Conceptual Questions

Components of a GLM

  1. See the lecture notes. The density and the mean are given in the table and the variance can be derived easily from the table with: \sigma^2 = \psi \cdot V(\mu). Try to map some of the densities into the exponential family formulation.

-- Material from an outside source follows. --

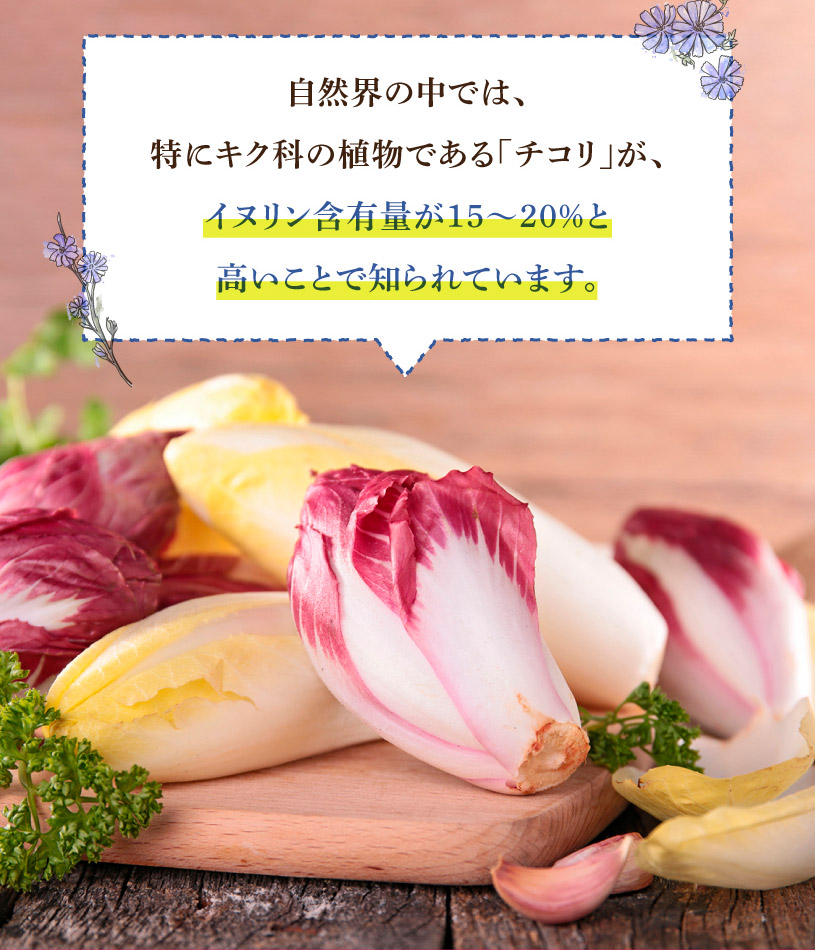 ヨーロッパの豊かな土壌で太陽の光を浴びて育ったチコリの根から抽出したオランダ産の天然イヌリンです。
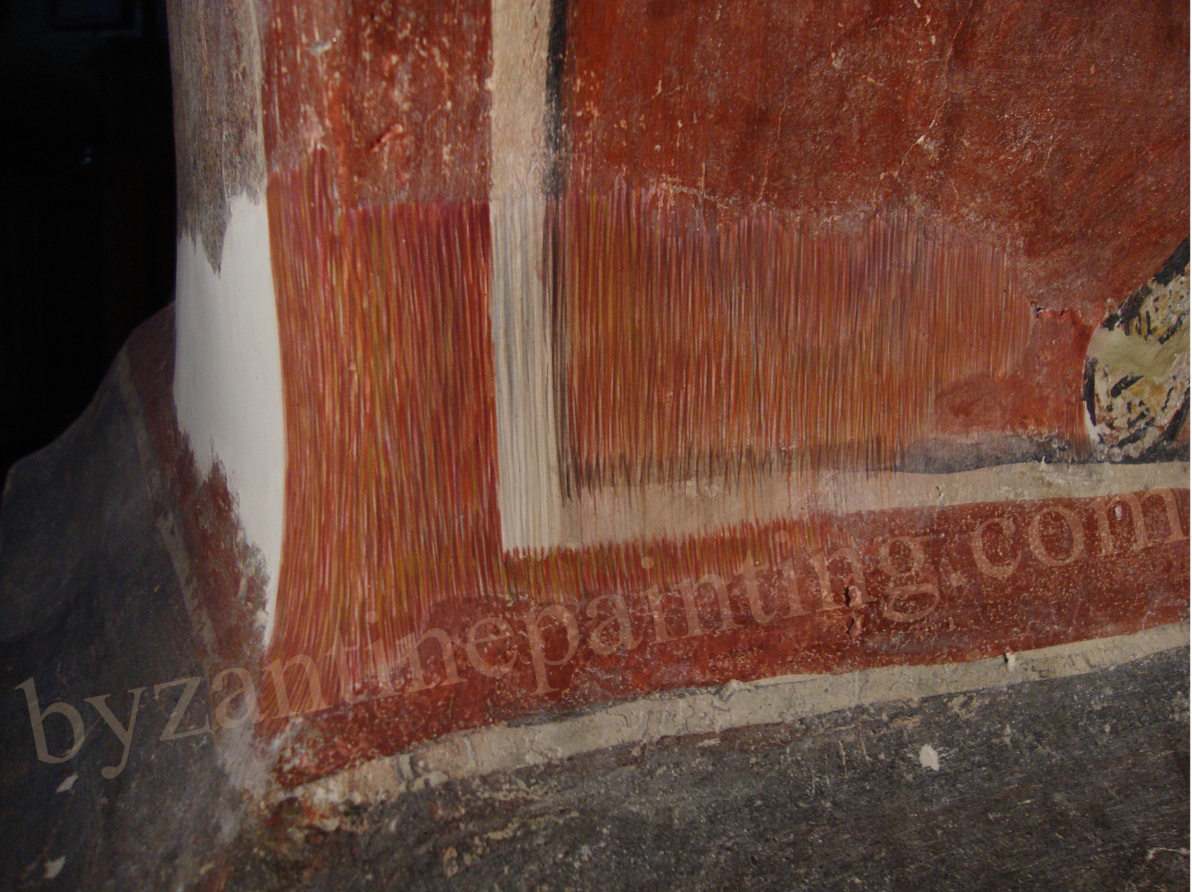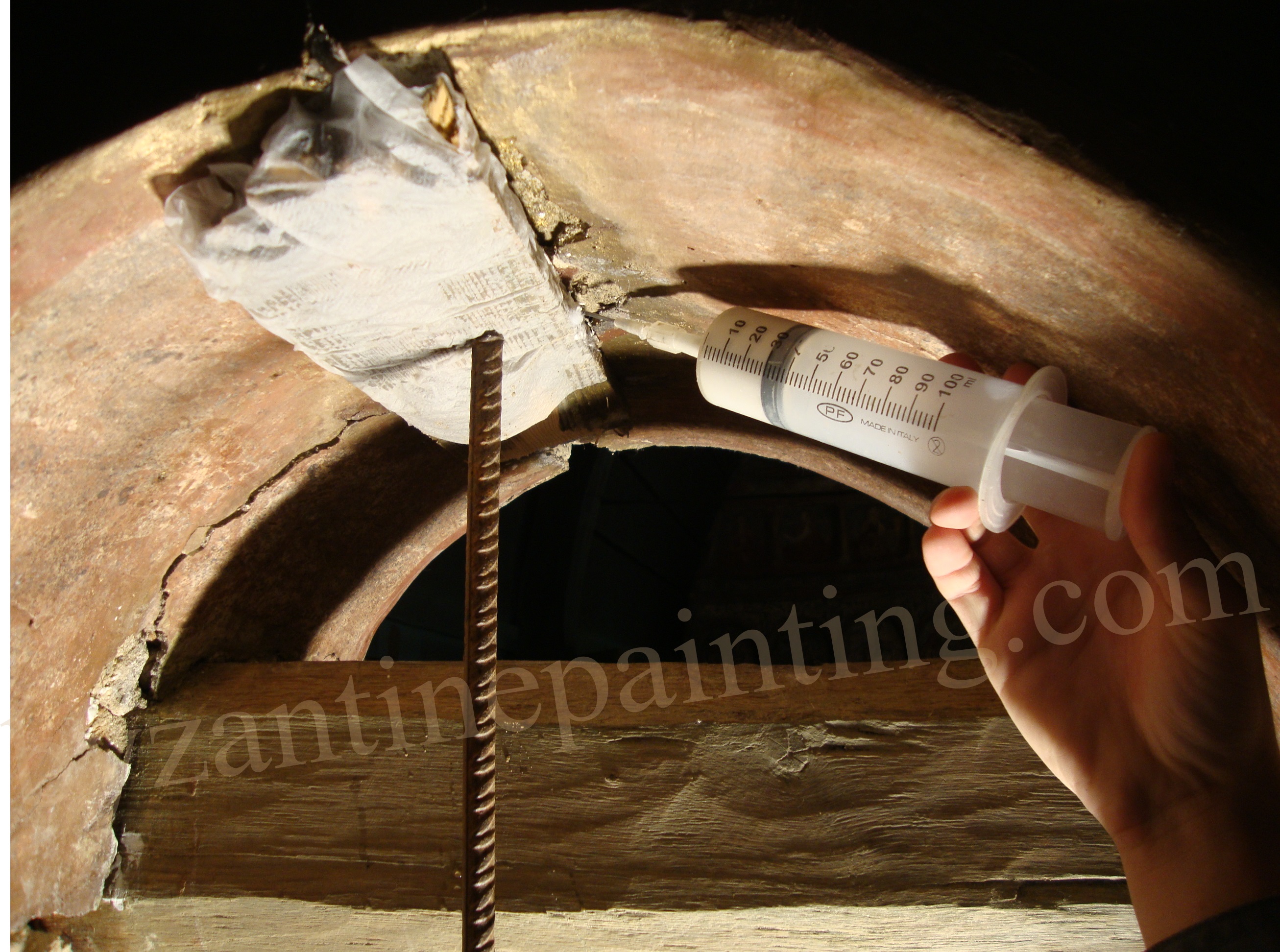 Cleaning the thick deposits of soot dust and tars. The operation is the most spectacular as, by the removal of these layers, witch alter the original image one passes from the soot covered and blackened surface, to a surprising chromatic range, or to zones with traces of the tehnological elements.

  2. You ought to be able to verify that the Binomial belongs to the family of Exponential Dispersion with b(\theta) = n\log{(1+\mathrm{e}^\theta)}, \,\, c(y; \psi) = \log\left(\frac{n!}{(n-y)!y!}\right), \text{ and } \psi=1. You should also be able to show that \theta=\log{\frac{p}{1-p}}=\log{\frac{\mu}{n-\mu}}. The three components of a generalized linear model are:

    1. Stochastic Component: The observations Y_i are independent and each follows an Exponential Dispersion distribution.
    2. Systematic Component: Every observation has a linear predictor \eta_i = \sum_jx_{ij}\beta_j where x_{ij} denotes the jth explanatory variable, and
    3. Link Function: The expected value \mathbb{E}[Y_i] = \mu_i is linked to the linear predictor \eta_i by the link function \eta_i = g(\mu_i).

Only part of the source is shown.